What is expected - When you copy the data, keep every line exactly as written and skip the pictures.

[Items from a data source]
◇ ◇ ◇ ◇ ◇ ◇ ◇

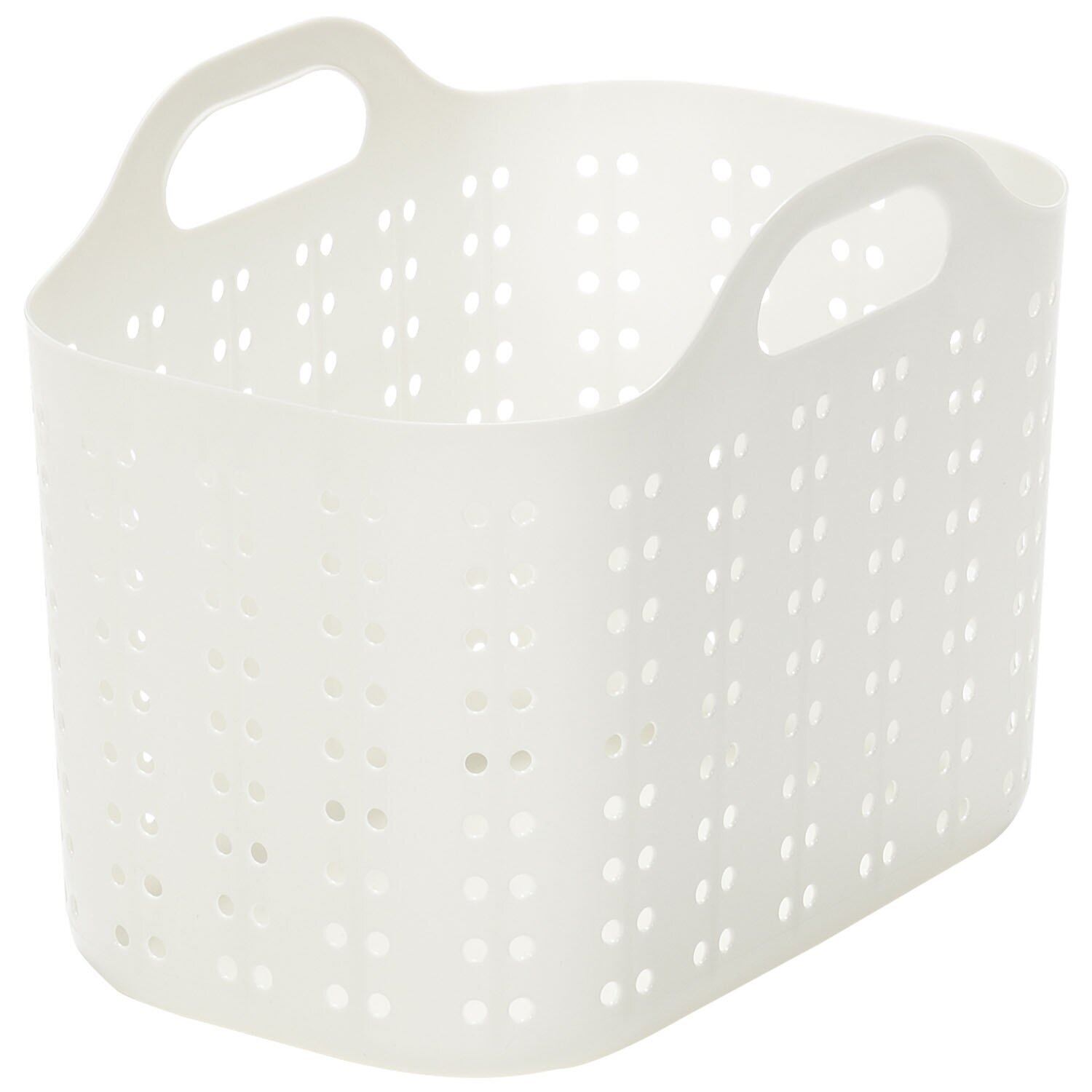 【新着商品】サンカ サンバッサ やわらか素材のソフトバスケット スリムなかたちですっきり収納 M ホワイト ドット穴が小さく衣類が傷つきにくい 軽量 大型 大容量 通気性 片手で持ち運び プラスチック (幅42×奥行28×高さ30.5cm) 簡単お手入れ 清潔 ランドリー 洗濯かご 銭湯 サウナ おしゃれ 日本製 SANKA VOB-MWH
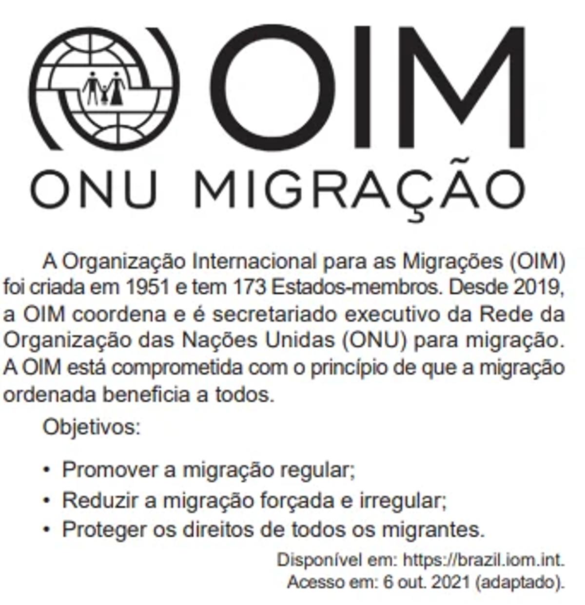 A relação da OIM com uma organização mais abrangente, como apresentada no texto, resulta do(a)
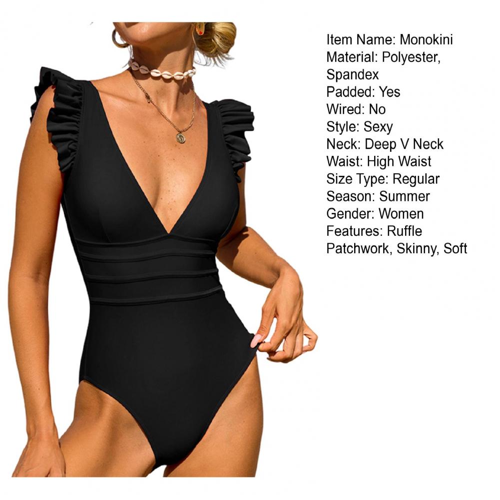 Women One-piece Monokini Ruffle Edge Deep V Neck Skinny Sleeveless Solid Color Elastic Soft Quick Dry Tight Waist Detachable Pads Wireless Surfing Wading Sports Swimsuit
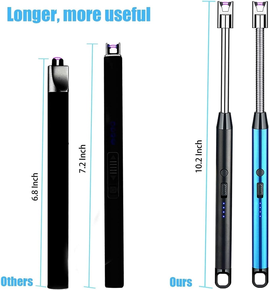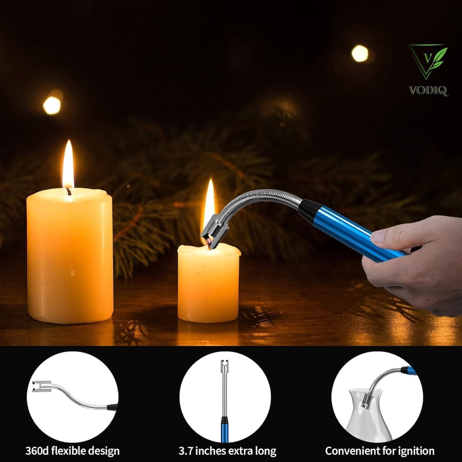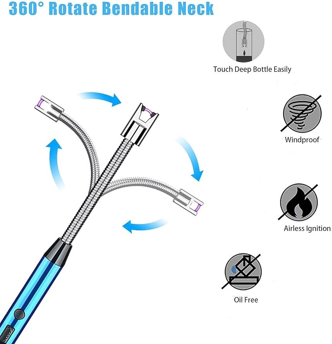 ولاعة كهرباء USB مرنة 360° بدون غاز، آمنة وسريعة الاشتعال، مثالية للبوتاجاز والشمع والفحم مع مؤشر بطارية LED وتصميم عملي.
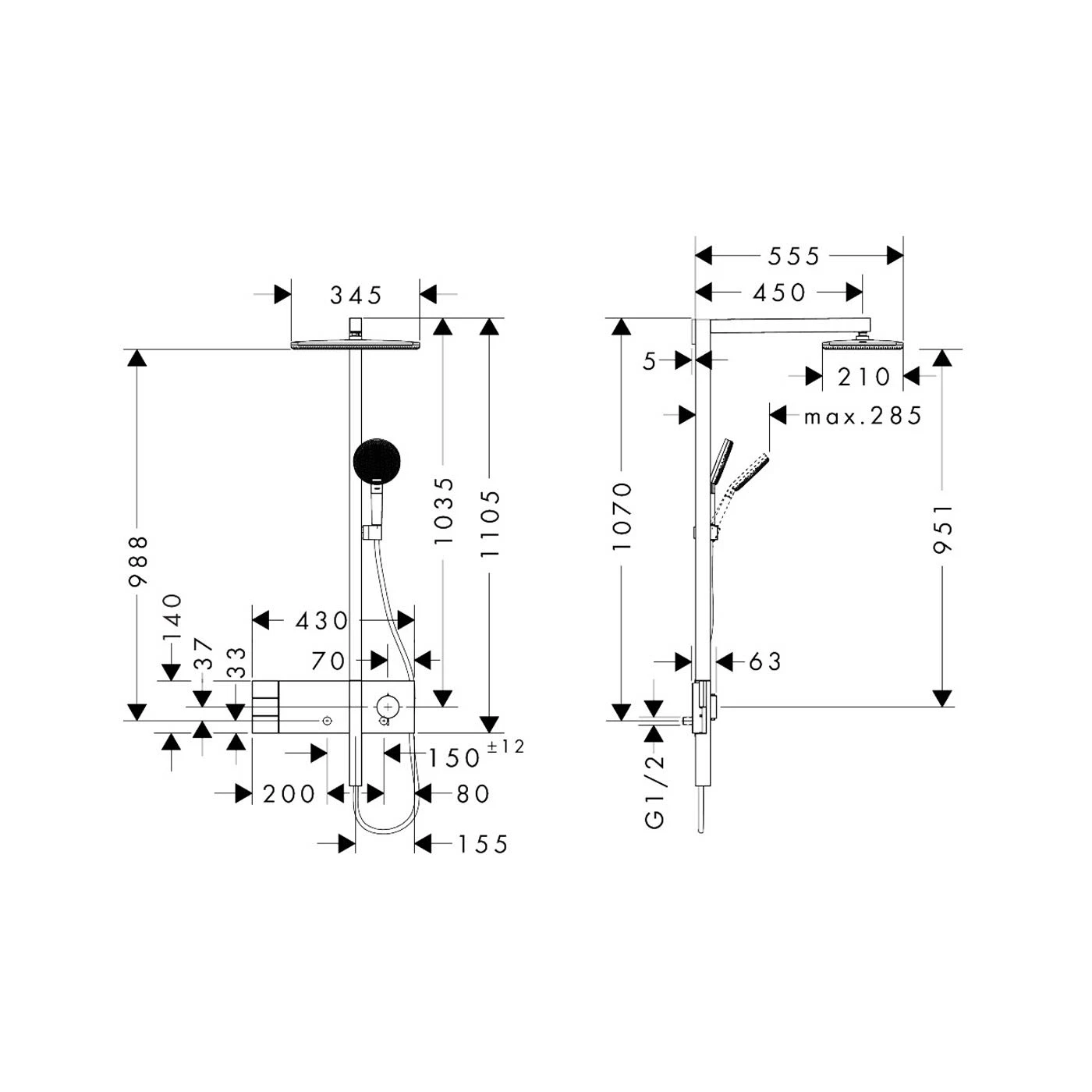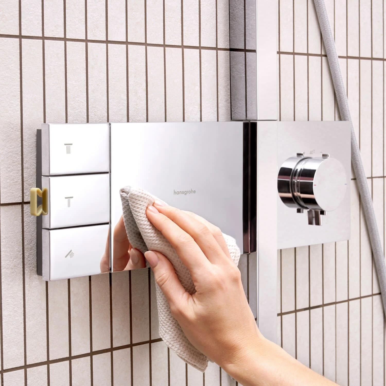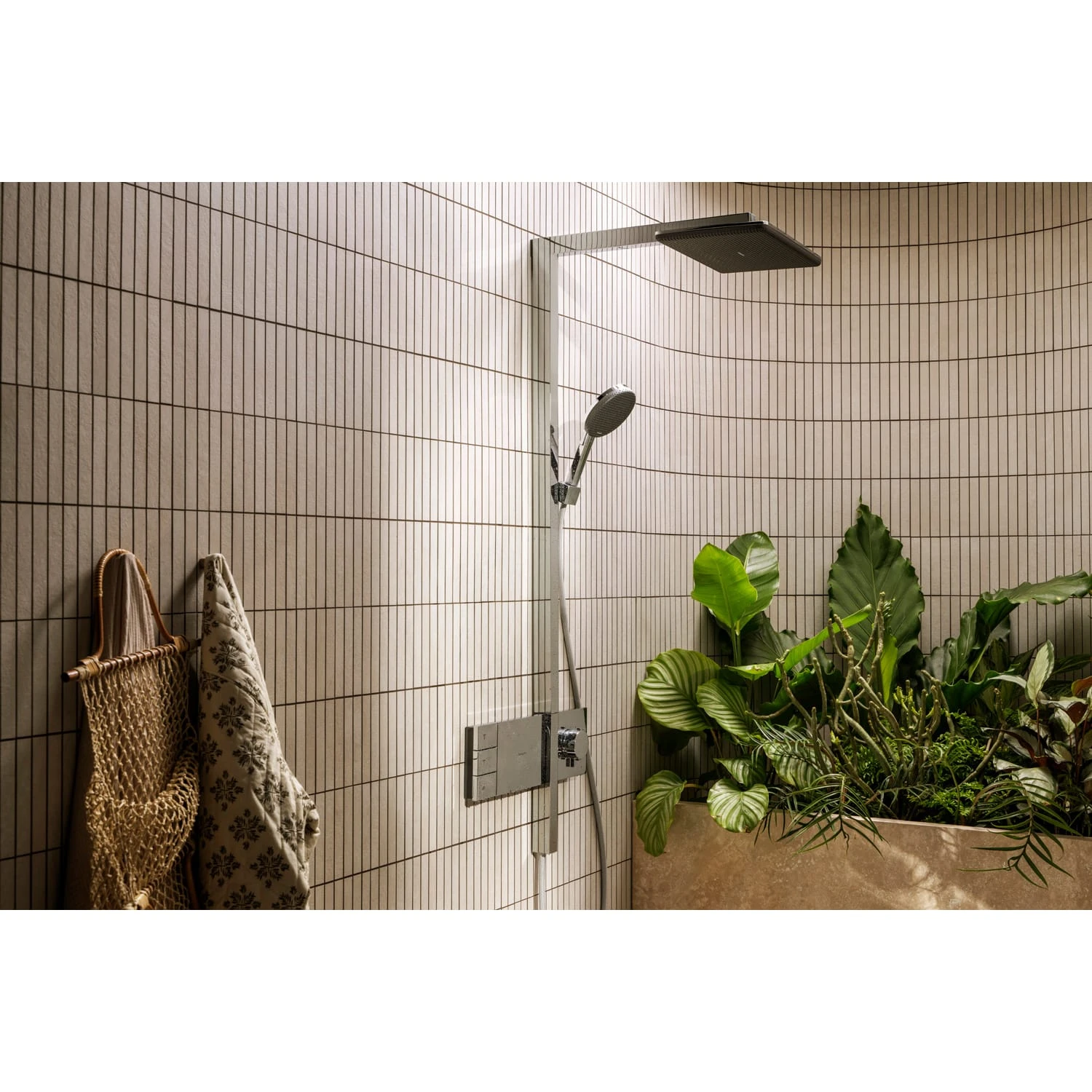 Begeisterung – neu komponiert. Raindance Alive Q 210/340 EcoSmart Duschsystem mit Thermostat (2 Strahlarten) Ankommen und aufatmen! Mit hansgrohe Raindance Alive Q 210/340 EcoSmart (2 Strahlarten) haben Sie gefunden, was Sie suchen. Ein harmonisch aufeinander abgestimmtes Duschsystem für mehr Geborgenheit, Entspannung und Erfrischung. Ein erster Blick enthüllt das Besondere. Inspiriert von einer Symbiose aus Wasser, Mensch und Raum zelebriert Raindance Alive das Lebenselixier. Und es schenkt Ihnen etwas, das noch kostbarer als Wasser ist: Zeit für sich selbst. Vertrauter Name. Vollkommen neues Gefühl Meisterliches Design: ikonisch und zeitlos überdauert es kurzlebige Trends. Entworfen in Zusammenarbeit mit dem renommierten Studio Phoenix Wohlfühlatmosphäre: Die moderne Gestaltung des Duschkopfs strahlt Wärme aus und macht das Badezimmer wohnlicher Große Auswahl: Je nach Stimmung wählen Sie mit einem Tastendruck (Select) zwischen drei Strahlarten an der Handbrause. Die Kopfbrause verwöhnt mit den beliebten Strahlarten Rain oder PowderRain Verantwortung für morgen? Mit Vergnügen! Die EcoSmart-Technologie von hansgrohe verringert den Wasserverbrauch mit einem flexiblen Durchflussbegrenzer auf max. 8 l/min (3 bar) – ohne Einbußen beim Duschkomfort Weitere Besonderheiten Unbeschwert duschen: Das Thermostat hält Ihre Wunschtemperatur gleichmäßig ein und schützt vor zu heißem Wasser Auch für kalkhaltiges Wasser geeignet: Die eloxierte Abdeckung lässt sich leicht abnehmen und reinigen Skulpturales Design – einfach eingebaut: Ihr hansgrohe Duschsystem wird von außen montiert (Aufputz). Die Wand bleibt unversehrt Markenqualität: 5 Jahre freiwillige Herstellergarantie und ausgesuchte Materialien bewahren das Besondere für lange Zeit Eigenschaften: Duschvergnügen: Extra großer Duschkopf (21 x 34 cm), der den ganzen Körper in wohlig warmes Wasser einhüllt Wohlfühlatmosphäre: Die Mesh-Abdeckung strahlt Wärme aus und macht das Badezimmer wohnlicher Zeitlos schön: Glänzendes Chrom und eine Strahlscheibe in Graphit schaffen ein faszinierendes Design Mit zwei traumhaften Strahlarten: hansgrohe Rain und PowderRain Schenkt neue Energie: Die Strahlart Rain erfrischt mit kräftigem Brauseregen PowderRain: Verwöhnt mit tausenden mikrofeinen Tropfen wie ein sanfter Sommerregen *EcoSmart: Benötigt dank eines flexiblen Durchflussbegrenzers max. 8 l/min – ohne Einbußen beim Duschkomfort Einfach eingebaut: Mitgelieferte S-Anschlüsse werden auf den Wasserauslass geschraubt – die Wand bleibt unversehrt Wasser an – Alltag aus: Die Thermostatfunktion verwöhnt mit einer gleichmäßigen Wassertemperatur Mehr Komfort auf Knopfdruck: Mit der Select-Taste von hansgrohe lässt sich das Wasser schnell an- und abstellen Auf Wunsch Wasser sparen: Die Wassermenge lässt sich individuell einstellen (Water Flow Control) Die Lösung gegen Kalk: Flexible Silikondüsen unter der Abdeckung lassen sich leicht abwischen (QuickClean) 5 Jahre freiwillige Herstellergarantie auf ein Produkt, das nach höchsten Qualitätsstandards gefertigt wurde In allen Bestandteilen sind Premium-Materialien verbaut – für mehr Sicherheit und Nachhaltigkeit im Haushalt hansgrohe seit 1901 – die Premium-Marke für zuverlässige Bad- und Küchenprodukte Lieferumfang: Rosetten S-Anschlüsse Showerpipe mit Thermostat Befestigungsmaterial Montageanleitung
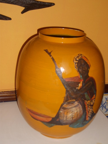 Pote em madeira e aplicaçao de figura africanaas minhas sobrinhas ja conhecem a minhapredilecçao por estas figuras
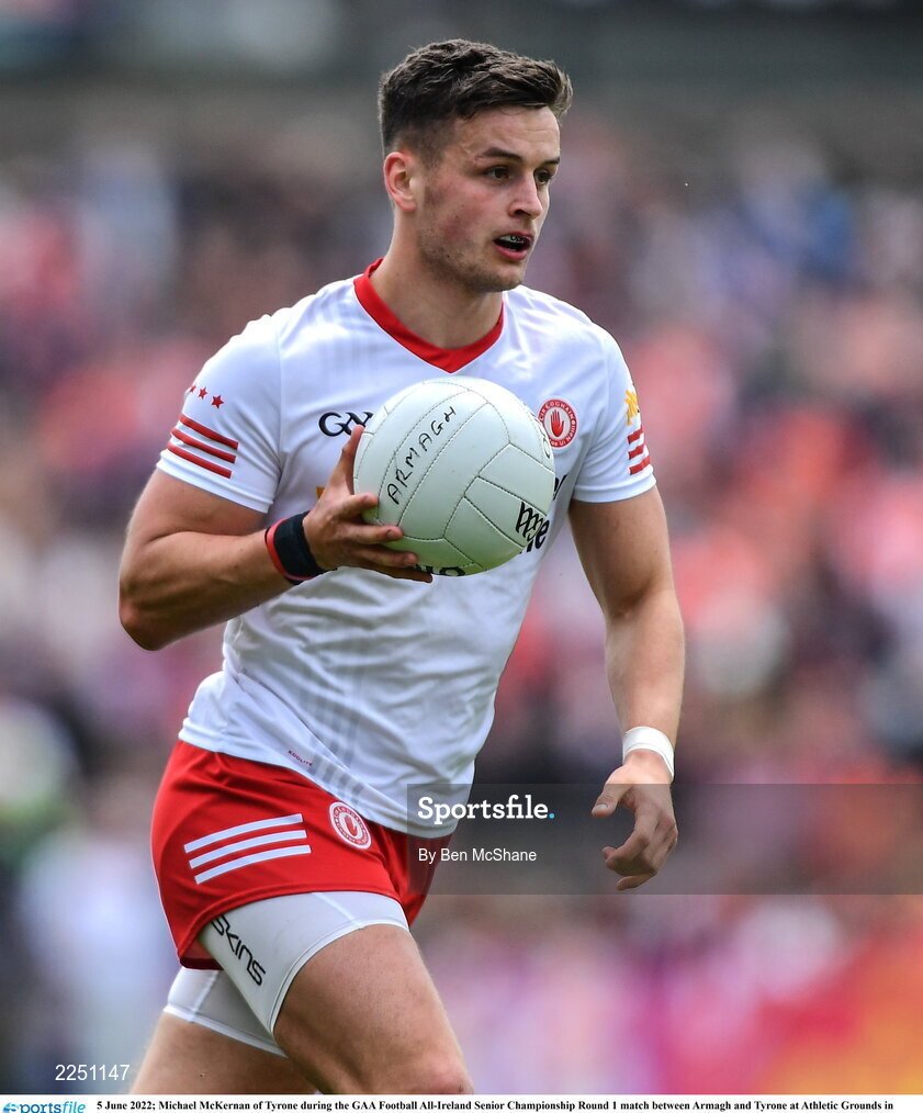 5 June 2022; Michael McKernan of Tyrone during the GAA Football All-Ireland Senior Championship Round 1 match between Armagh and Tyrone at Athletic Grounds in Armagh. Photo by Ben McShane/Sportsfile
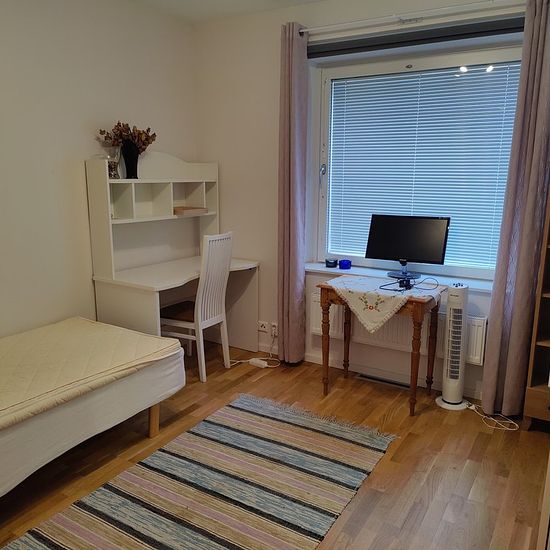 Möjligt att hyra depositionsfritt genom Samtrygg. Månadskostnad: 6900 kr. ________________________________________________________________ Snabbast bokar du visning genom att följa denna länk till Samtrygg: Här hittar du även fler bilder och mer info. ________________________________________________________________ Det är en femrumslägenhet i Norra Djurgårdsstaden där jag hyr ut ett rum. Buss 6, 57 och 75 finns i absoluta närheten och det är gångavstånd till Valhallavägen och Tunnelbana. Nära till restauranger, livsmedelsbutiker och g...

◇ ◇ ◇ ◇ ◇ ◇ ◇

Answer below -
 【新着商品】サンカ サンバッサ やわらか素材のソフトバスケット スリムなかたちですっきり収納 M ホワイト ドット穴が小さく衣類が傷つきにくい 軽量 大型 大容量 通気性 片手で持ち運び プラスチック (幅42×奥行28×高さ30.5cm) 簡単お手入れ 清潔 ランドリー 洗濯かご 銭湯 サウナ おしゃれ 日本製 SANKA VOB-MWH
 A relação da OIM com uma organização mais abrangente, como apresentada no texto, resulta do(a)
 Women One-piece Monokini Ruffle Edge Deep V Neck Skinny Sleeveless Solid Color Elastic Soft Quick Dry Tight Waist Detachable Pads Wireless Surfing Wading Sports Swimsuit
 ولاعة كهرباء USB مرنة 360° بدون غاز، آمنة وسريعة الاشتعال، مثالية للبوتاجاز والشمع والفحم مع مؤشر بطارية LED وتصميم عملي.
 Begeisterung – neu komponiert. Raindance Alive Q 210/340 EcoSmart Duschsystem mit Thermostat (2 Strahlarten) Ankommen und aufatmen! Mit hansgrohe Raindance Alive Q 210/340 EcoSmart (2 Strahlarten) haben Sie gefunden, was Sie suchen. Ein harmonisch aufeinander abgestimmtes Duschsystem für mehr Geborgenheit, Entspannung und Erfrischung. Ein erster Blick enthüllt das Besondere. Inspiriert von einer Symbiose aus Wasser, Mensch und Raum zelebriert Raindance Alive das Lebenselixier. Und es schenkt Ihnen etwas, das noch kostbarer als Wasser ist: Zeit für sich selbst. Vertrauter Name. Vollkommen neues Gefühl Meisterliches Design: ikonisch und zeitlos überdauert es kurzlebige Trends. Entworfen in Zusammenarbeit mit dem renommierten Studio Phoenix Wohlfühlatmosphäre: Die moderne Gestaltung des Duschkopfs strahlt Wärme aus und macht das Badezimmer wohnlicher Große Auswahl: Je nach Stimmung wählen Sie mit einem Tastendruck (Select) zwischen drei Strahlarten an der Handbrause. Die Kopfbrause verwöhnt mit den beliebten Strahlarten Rain oder PowderRain Verantwortung für morgen? Mit Vergnügen! Die EcoSmart-Technologie von hansgrohe verringert den Wasserverbrauch mit einem flexiblen Durchflussbegrenzer auf max. 8 l/min (3 bar) – ohne Einbußen beim Duschkomfort Weitere Besonderheiten Unbeschwert duschen: Das Thermostat hält Ihre Wunschtemperatur gleichmäßig ein und schützt vor zu heißem Wasser Auch für kalkhaltiges Wasser geeignet: Die eloxierte Abdeckung lässt sich leicht abnehmen und reinigen Skulpturales Design – einfach eingebaut: Ihr hansgrohe Duschsystem wird von außen montiert (Aufputz). Die Wand bleibt unversehrt Markenqualität: 5 Jahre freiwillige Herstellergarantie und ausgesuchte Materialien bewahren das Besondere für lange Zeit Eigenschaften: Duschvergnügen: Extra großer Duschkopf (21 x 34 cm), der den ganzen Körper in wohlig warmes Wasser einhüllt Wohlfühlatmosphäre: Die Mesh-Abdeckung strahlt Wärme aus und macht das Badezimmer wohnlicher Zeitlos schön: Glänzendes Chrom und eine Strahlscheibe in Graphit schaffen ein faszinierendes Design Mit zwei traumhaften Strahlarten: hansgrohe Rain und PowderRain Schenkt neue Energie: Die Strahlart Rain erfrischt mit kräftigem Brauseregen PowderRain: Verwöhnt mit tausenden mikrofeinen Tropfen wie ein sanfter Sommerregen *EcoSmart: Benötigt dank eines flexiblen Durchflussbegrenzers max. 8 l/min – ohne Einbußen beim Duschkomfort Einfach eingebaut: Mitgelieferte S-Anschlüsse werden auf den Wasserauslass geschraubt – die Wand bleibt unversehrt Wasser an – Alltag aus: Die Thermostatfunktion verwöhnt mit einer gleichmäßigen Wassertemperatur Mehr Komfort auf Knopfdruck: Mit der Select-Taste von hansgrohe lässt sich das Wasser schnell an- und abstellen Auf Wunsch Wasser sparen: Die Wassermenge lässt sich individuell einstellen (Water Flow Control) Die Lösung gegen Kalk: Flexible Silikondüsen unter der Abdeckung lassen sich leicht abwischen (QuickClean) 5 Jahre freiwillige Herstellergarantie auf ein Produkt, das nach höchsten Qualitätsstandards gefertigt wurde In allen Bestandteilen sind Premium-Materialien verbaut – für mehr Sicherheit und Nachhaltigkeit im Haushalt hansgrohe seit 1901 – die Premium-Marke für zuverlässige Bad- und Küchenprodukte Lieferumfang: Rosetten S-Anschlüsse Showerpipe mit Thermostat Befestigungsmaterial Montageanleitung
 Pote em madeira e aplicaçao de figura africanaas minhas sobrinhas ja conhecem a minhapredilecçao por estas figuras
 5 June 2022; Michael McKernan of Tyrone during the GAA Football All-Ireland Senior Championship Round 1 match between Armagh and Tyrone at Athletic Grounds in Armagh. Photo by Ben McShane/Sportsfile
 Möjligt att hyra depositionsfritt genom Samtrygg. Månadskostnad: 6900 kr. ________________________________________________________________ Snabbast bokar du visning genom att följa denna länk till Samtrygg: Här hittar du även fler bilder och mer info. ________________________________________________________________ Det är en femrumslägenhet i Norra Djurgårdsstaden där jag hyr ut ett rum. Buss 6, 57 och 75 finns i absoluta närheten och det är gångavstånd till Valhallavägen och Tunnelbana. Nära till restauranger, livsmedelsbutiker och g...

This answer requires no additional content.